第十四話 兵は詭道なり、よりて東奔西走を厭わず

第四編 源頼義

第二話


「おっ、来たね。早速だけれども、宿題はやってきたかい?」


あぁ、メモリありがとう。ん、シャープ製のタブレット電演機...それも最新型か。いいもの使ってるね」


アプリの中に作ってきたのかい? どれどれ...なるほど、事実を元に逆算して考えたのか。いい感覚持ってるじゃないか、その推論はほぼ当たってるよ。そう、まず一つ目として挙げられるのは刀伊の入寇...契丹族、つまり女真族の一部が突如として我が国に襲撃をかけた事件だね...を彼が極めて正確に予測していたということだ。あまり聞かないかもしれないが、この時代は海賊の略奪行為は割と頻発していてね...記録に残っているだけでも二世紀で数十件以上にのぼっている。その多くは新羅など外国からのものであった。だからこそ高麗との国交を開始した時点では朝廷の警戒心が高かったのだが...太祖王建の指示で国交が開かれて以降、二国間の協力で半島由来の海賊は縮小していたことが文献から判明している」


その代わり、現在のウラジオストク周辺で生活していた女真族による被害は増加傾向にあったようだ。彼らは大規模な船団を組んで高麗の沿岸部から我が国の日本海沿岸部にわたって幅広く略奪を行っていた。そういった事情もあり、海軍力の育成は急務であったと言える。菅原道真が最初に主張していたようだが、時代が下るごとに頻発するようになっていたため朝廷もその重い腰...と言っても基本は政争で地方まで手が回らなかっただけなのだが...を上げることになった」


ここで、彼がどういう訳か高麗の情報を集めることが可能であったことが生きてくる。大規模な船団を組織しているという知らせが頼義を伝って朝廷にもたらされ、さらに朝廷の外交筋からも確認が取れたことで準備が加速したんだ」


独自の情報網を有していた理由は現在になっても全く手がかりが掴めていない。ただ、橘家や菅原家とも接点があった謎の多い諜報組織との関連性は指摘されている。もちろん、文献が全く残っていないからあくまで推測なんだけれどね」


そして二つ目の理由は朝廷の武装集団への意識の変遷と財政の好転に起因するというのが現在の定説だ。前に少し話したように、平安貴族は戦争を「穢れ」として忌み嫌っていた。

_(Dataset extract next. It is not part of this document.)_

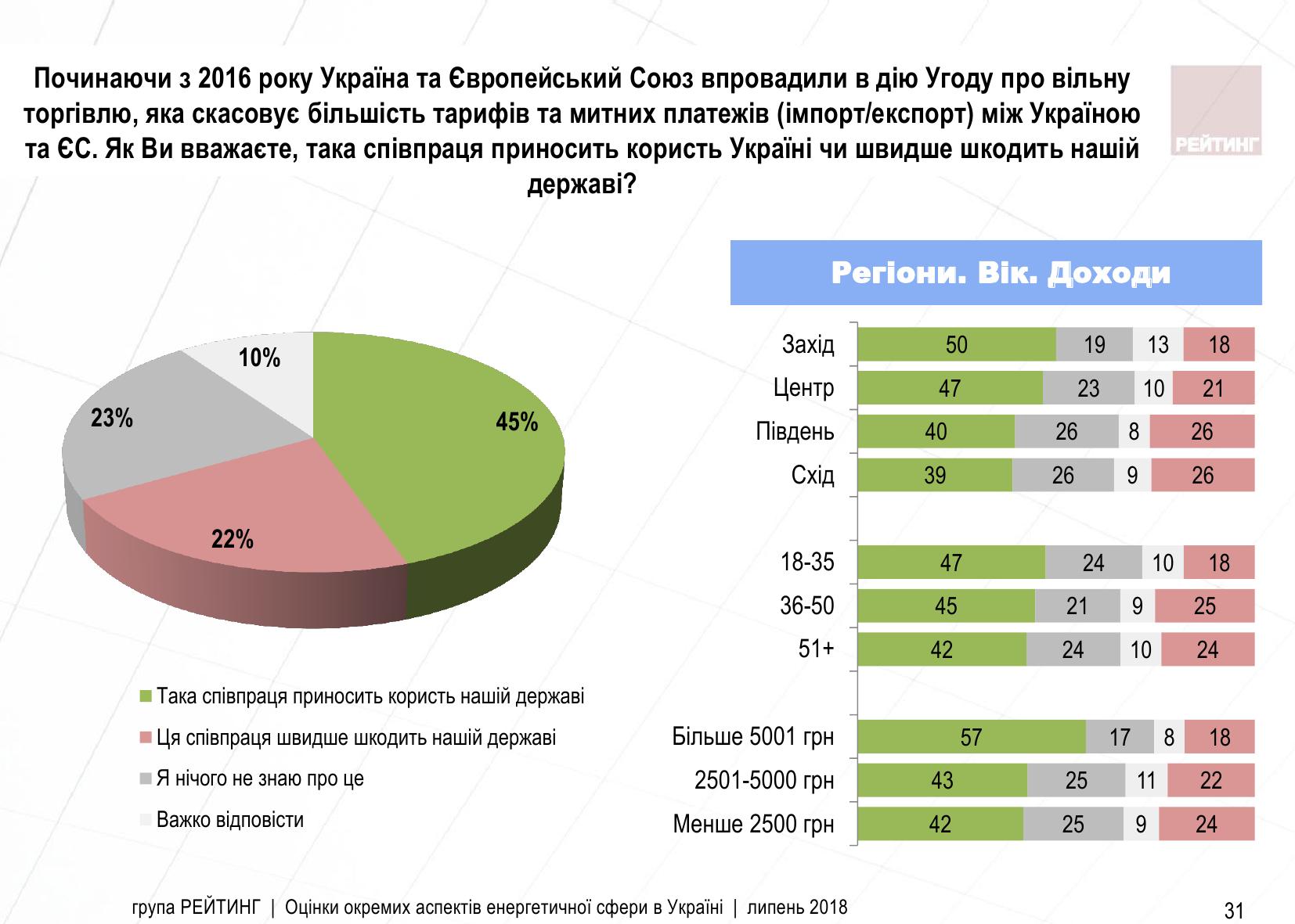Оценивая выгодность сотрудничества Украины с различными странами, относительное большинство опрошенных (45%) согласились, что Соглашение о свободной торговле с Европейским Союзом приносит скорее пользу Украины, при этом 22% считают, что это Соглашение скорее вредит стране, четверть ничего не знают об этом, и почти каждый десятый не смог определиться с отношением, свидетельствуют данные опроса Социологической группы "Рейтинг".
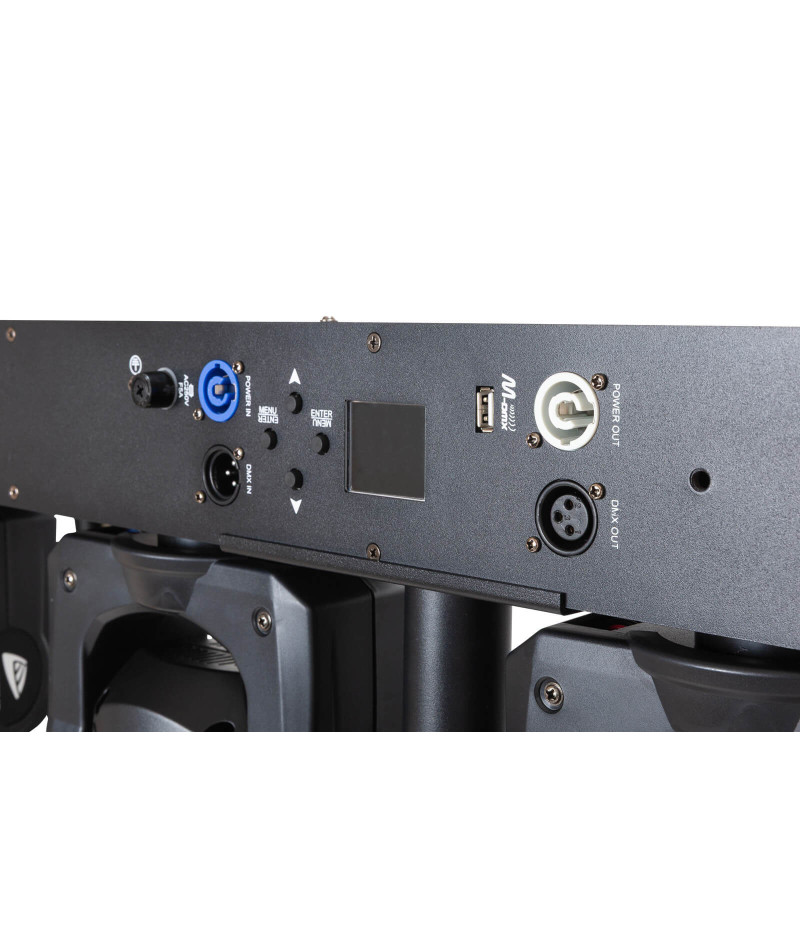 Barre lumineuse avec 4 lyres LEDs RGBW 40 W et contrôle DMX flexible. Programmes lumineux évolutifs, navigation par écran LCD et connecteurs XLR 3 points

と言っても人間が存在すれば争いが起こるのは必然だ。だから代替役としての武士団の伸長があったのだけれども、源高明による西征以後、主に当時の若手貴族を中心としてその意識が変わり始める。政治闘争に明け暮れているばかりでは第二第三の平将門・藤原純友を生み出すだけではないか...とね」


そのため、彼らは武士団を自らの影響圏内に取り込みはじめる。兵部省管轄の徴兵とは別に武力の専門家集団を確保して自身の身を守ると共に反乱が起きた時にいち早く対処して自身の権益を守ろうとした訳だ。目的は個人的なものではあったが、これは貴族社会に軍事への理解をもたらし、結果として早期の軍事力整備につながったと言われている」


そして財政だ。こちらも高明が手を加えてから僅かではあるが好調になりつつあった。蓄えが増えたことで迅速な物資の供給が可能となり、軍船の建造や兵器調達を後押ししたと言われている。源融の子孫で、瀬戸内に影響力を有していた嵯峨源氏流渡辺氏を配下に収めたのもあるだろうね」


ちなみにこの軍事力の整備の裏には高明の三男である源俊賢の支援が存在していたとされている。藤原兼家派であった満仲の孫ながら敵対派閥と言っても差し支えない彼と交渉が出来ていたことから政治的取引が上手であったことが伺えるね」


このような理由から、極めて短い期間でありながら彼を棟梁とした多田源氏一族はその質を大きく向上させた。資金源がどこにあったのか、支援をどのように引き出したかは正確にはわかっていないが、少なくとも海上における機動力の確保と共に火力も両立出来ていたのは間違いない」


「そしていよいよ船団が襲来する。50隻3000人前後と極めて大規模な兵力が対馬に殺到したが、被害は頼義の活躍で想定よりも軽微なものとなったわけだ。」

































-寛仁3年(1019年) 3月27日夕刻 対馬沖-


 多少遅れてしまったが、本格的な略奪が始まる前に到着出来てよかった。“史実”と違って朝廷の理解があったおかげだな。死者を三桁単位で出したと言われる刀伊の入寇だが、これまで私が培ってきた船舶建造力、軍事技術力に加えて転生してもなお連綿と続く諜報組織の伝手を頼って情報収集を行っておいたことによって極めて迅速な対応が出来た。水平線の向こうから現れる船団を発見できたのは数日前に大宰府に到着したおかげだな。敵船発見を知らせる、対馬の金田城で上げた煙は壱岐まで見える。そして壱岐で上げた煙は大宰府でも見える。晴れた日限定ではあるが、基本そのような日にしか襲来しないであろう敵を屠るのであれば十分だった。この時代で可能な最高レベルの早期警戒システムと言えよう。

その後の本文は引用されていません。